A sudden suspension of a community-focused work programme run by Belize’s Leadership Intervention Unit (LIU) has pushed more than 500 participants into immediate financial uncertainty, with many facing severe daily hardship, acting LIU director Andrew Dawson has confirmed.
In an interview with local outlet News 5, Dawson acknowledged the acute stress the pause has inflicted on the programme’s enrollees, noting that widespread uncertainty over access to basic needs has created palpable tension among affected groups. “It does create some tension as it relates to these individuals, not knowing where the other meal comes from,” he told reporters.
The suspension has reignited long-running public debate over the LIU programme’s purpose and implementation, prompting Dawson to push back against two pervasive criticisms of the initiative. First, he rejected the widespread claim that the programme exclusively serves people affiliated with gangs, emphasizing that it was designed to support a broad cross-section of vulnerable Belizean residents. This population, he clarified, includes low-income university students and unpaid office interns seeking stable work experience alongside at-risk community members.
Dawson also addressed a decades-long critique that frames the programme as a scheme that simply pays participants to avoid criminal activity, a characterization he called categorically inaccurate. “Let me put that on record. Since I’ve been at LIU and even with the previous director, we have never had an intention to say that we’re paying people to hold it down. It was a social protection programme,” he stated.
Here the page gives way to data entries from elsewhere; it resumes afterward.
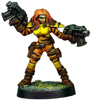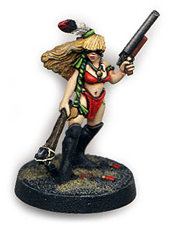 This is a Future Warriors female savage with gun. Although originally she just had a pistol I cut it down and added new barrels to make a double barrel shotgun so I could use her in Necromunda as a scout.
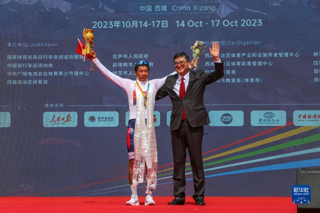10月17日,參賽選手沖過終點。新華社記者 普布次仁 攝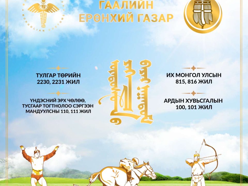 Тулгар төрийн 2230, 2231, Их Монгол Улсын 815, 816, Үндэсний эрх чөлөө, тусгаар тогтнолоо сэргээн мандуулсны 110, 111, Ардын хувьсгалын 100, 101 жил, Шинэ үеийн гаалийн

While Dawson openly admitted that the programme has fallen short in key areas, including accountability protocols and consistent work output from some participants, he emphasized that the initiative has delivered meaningful, life-changing positive results for a large share of enrollees. He argued that discarding the entire programme over the actions of a small uncooperative minority would be unfair to the many participants who have made significant progress toward reintegrating into mainstream society.
“What do you do? You dash away everyone. How about those who have made changes or those who have made strides to becoming better persons within their society? We can’t just get rid of those persons because of a handful who do not want to cooperate,” he argued.
Looking ahead, Dawson confirmed that LIU leadership is currently exploring alternative income-generating models for the programme, moving beyond its existing focus on community beautification projects. However, he stressed that a final decision on whether to restart the programme rests with higher-level government authorities, not LIU management.